_Task to carry out:_ Give back exactly the line containing "Натали, магазин цветов" and all that follow it in the data below, with the pictures left out.

_Dataset:_

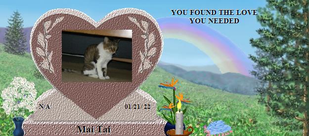 Dear Mai Tai, how purrfectly beautiful you are! Please go to the Bridge and send your precious love down the Rainbow straight into the heart of your mommy who misses you so much, and she will send her love right back to you on angels' wings. Dear Diane, your world has lost a very special furpurrson, family member and friend, and heaven has welcomed Home a very special soul. Mai Tai, along with Arlen, is now your very own angel, watching over and for you, just as Jackie, Callie, Tashi, Katy and BG are watching over us, until you meet again and cross the Bridge together. May Mai Tai's sweet presence continually nuzzle your heart until then, and may you find comfort in knowing that the silver thread of love that binds you heart to heart with Mai Tai and Arlen will never be broken. Many blessings and much peace, Clare and Martha...Please visit our Jackie at https://www.rainbowsbridge.com/residents/JACKI010/resident.HTM
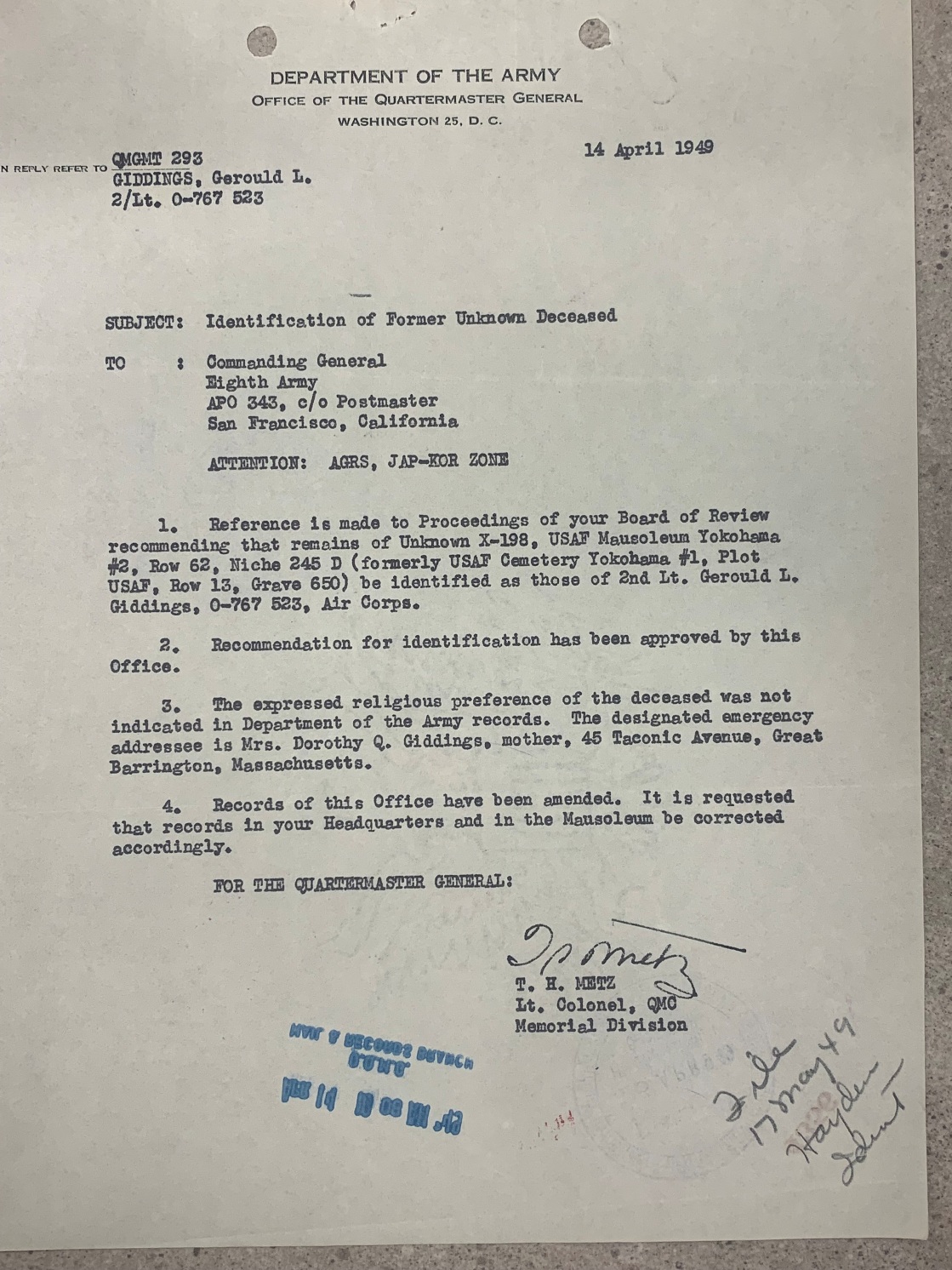 On 14 April 1949, the Department of the Army accepted A corrected Report of Interment was issued 4 May 1949. |
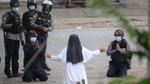 Ann Rose Nu Twang, monja de Birmania, se arrodilló frente a los militares suplicando que no dispararan contra los niños y diciendo «Dispárame a mí, no a los niños».
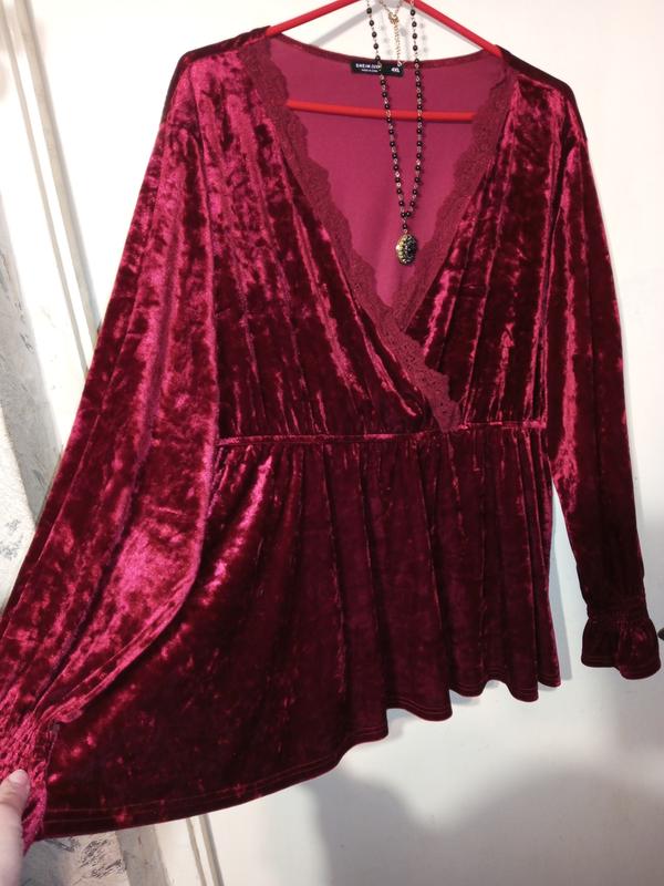 Роскошная, бархатная-велювая стрейч, вечерняя-нарядная блузка на запах, с пышным-объёмным рукавом, мега батал, SHEIN. Цвет- красный с отливом в вишнёвый. Размер на бирке 4XL, одела на свой evr 52 -шикарно, подойдёт и на больший, и на меньший, только смотреться будет по-разному, но ориентируйтесь по условным замерам: ПОГ по спинке -59см + очень тянется-ориентировочно до ПО 80см; ПОТ на резинке - 49/79см; ПОБ-условно-75/100см, ПО по канту - 96см +++; длина от плеча -72см; длина рукава - 61см, манжет на резиночке; ПО бицепса 23/36см; ПО проймы - 31см За счёт баски или оборки - отлично камуфлирует живот, стройнит. Одета пару раз, женственная, стильная..., конечно, если Вы -любите такие вещи. Девушки,пожалуйста,переспрашивайте-сделаю дополнительные фото и замеры.Возврата нет-объявления платные. См.др.объявление-есть аналогичные,длинные,нарядные,вечерние платья, блузы,а также 90% одежды большого размера. Подписывайтесь-каждый день обновления одеждой больших размеров не только. Покупая несколько товаров -Вы экономите на пересылке,лоты комбинирую в одну посылку. Перед покупкой -просьба: ознакомиться с рубрикой "ОБО МНЕ" Состав: 95% полиэстер; 5% эластан Доставка: Перешлю в др.города за Ваш счёт-при полной оплате на карточку
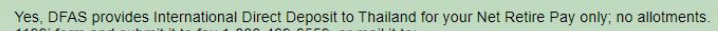 Forget to comment on one thing that may make DFAS military retirement pay to Thailand via IDD undesirable in some fine-print so to speak that a person must send Net Pay; no allotments allowed as stated in the first sentence of the DFAS reply.    I expect that is because they probably can not use the international SWIFT system to split your pay in several directions (going to different places) like they can with the U.S. ACH system.
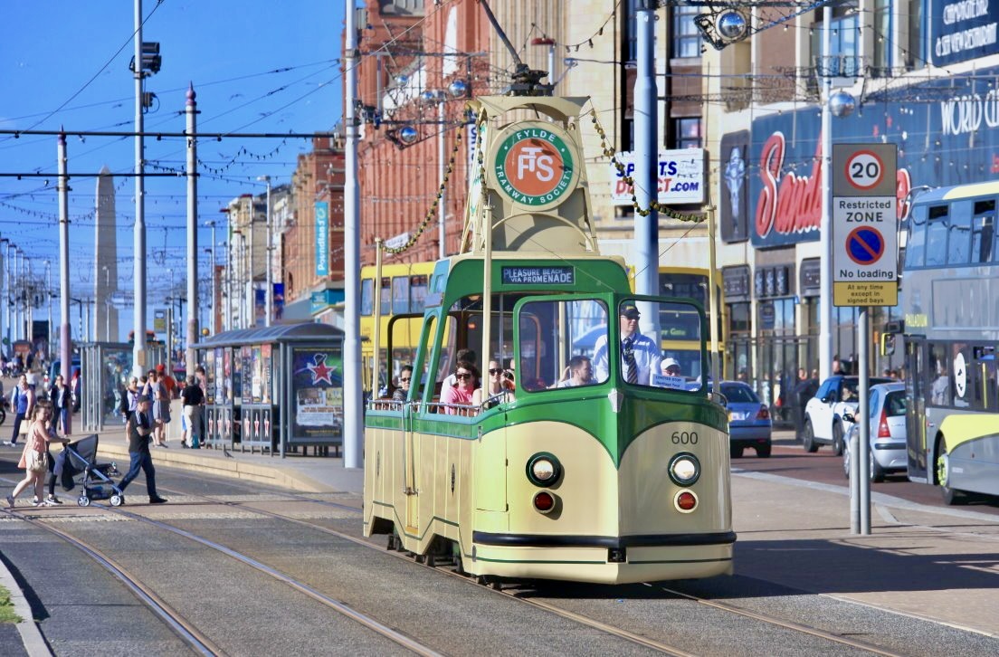 Die Blackpool Tram fährt mittlerweile im Regelverkehr nur noch mit Flexity-2-Zügen. Es sind immer zwei Zugbegleiter an Board, die Fahrkarten kontrollieren und verkaufen. Im Bereich der drei Piers fährt die Straßenbahn auffällig langsam, an manchen Stellen bremst sie auf 10 mph ab. 14.3.2015
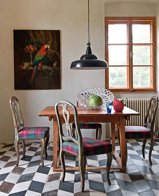 Как опытный художник и экспозиционер, Вурм умело корректирует объемы XII века. По всему дому, на двух этажах, даже в ванных, сделан дощатый пол из светлого дерева. Он объединяет пространство, визуально увеличивая комнаты, и идеально отвечает духу монастырской постройки. А кухня выложена активной черно-белой плиткой. Благодаря оптическому эффекту помещение становится более модным и теплым.
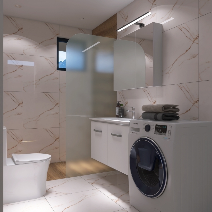 The flooring combines marble and ceramic tiles, reflecting timeless elegance and superior craftsmanship.
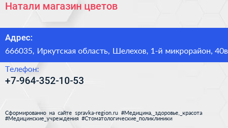 Натали, магазин цветов по адресу 666035, Иркутская область, Шелехов, 1-й микрорайон, 40в в дальнейшем Организация, размещена в следующих категориях:
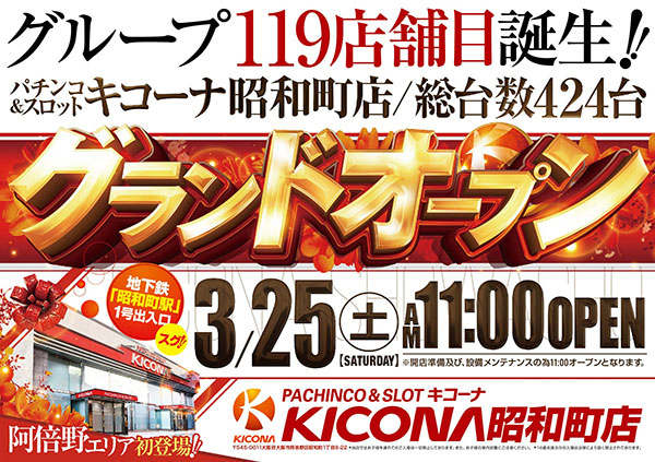大阪市阿倍野区のキコーナ昭和町店は3/25(土)11:00にグランドオープンします。

_Written solution:_
 Натали, магазин цветов по адресу 666035, Иркутская область, Шелехов, 1-й микрорайон, 40в в дальнейшем Организация, размещена в следующих категориях:
大阪市阿倍野区のキコーナ昭和町店は3/25(土)11:00にグランドオープンします。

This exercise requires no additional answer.